As a long-lasting interest in our group, we have been pushing the boundary of biocatalysis by directed evolution of enzymes, pathways, and genomes, as well as by integrating biocatalysis with chemocatalysis for catalytic transformations of interest. For example, we combined directed evolution with metabolic engineering to establish a new fermentative process to produce 100% pure xylitol from a mixture of pentose sugars (major components of hemicellulose)¹. In addition, we developed several cooperative tandem catalysis, including the combinations of ruthenium-based metathesis catalyst and P450 enzymes for the synthesis of enantioenriched epoxides^2,3, and the merger of rhodium-catalyzed diazo coupling and ‘ene’ reductases enabled reduction to synthesize enantioenriched succinate derivatives⁴.
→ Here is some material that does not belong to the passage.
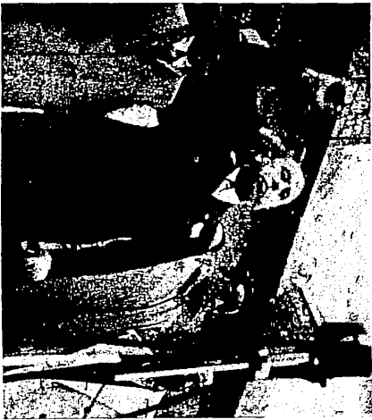
José María Gil Robles interviene en un acto electoral.

Decidió luchar dentro de la Segunda República, porque no le pareció necesario defender la monarquía ni recurrir a la violencia. Se aglutinó en torno a Acción Popular (1932), núcleo de lo que sería la Confederación Española de Derechas Autónomas o CEDA (1933), un auténtico partido de masas de la derecha posibilista o accidentalista (con respecto al tipo de régimen). Pretendía aplicar su programa y reformar la Constitución sin abolir la República. Su líder, José María Gil Robles, era partidario de instaurar un régimen corporativo y autoritario (no liberal) y de restablecer todo el poder político y económico de la Iglesia. Contaba también con una organización juvenil, las Juventudes de Acción Popular (JAP), que se acercaron al fascismo en los meses previos a la Guerra Civil.

Recently, development of photocatalysis has spurred the discovery of new reactivity from known enzymes. The Hyster group from Princeton University has made significant progress in this area, such as asymmetric debromination/deacetoxylation^5,6, and intramolecular radical cyclizations^7,8. In 2018, our group in collaboration with the Hartwig group from the University of California at Berkeley also achieved an interesting stereoconvergent reduction by cooperative photoinduced isomerization and enzymatic reduction⁹. However, so far photo-induced enzymatic catalysis has not been used for cross-coupling of two molecules (Fig. 1a). On the other hand, radical hydroalkylation of alkenes provides a versatile strategy for the construction of C(sp3)−C(sp3) bonds. But stereoselective hydroalkylation of electrophilic alkyl radicals with alkenes is less developed, and particularly access to functional molecules bearing a γ-stereocenter remains rare (Fig. 1b).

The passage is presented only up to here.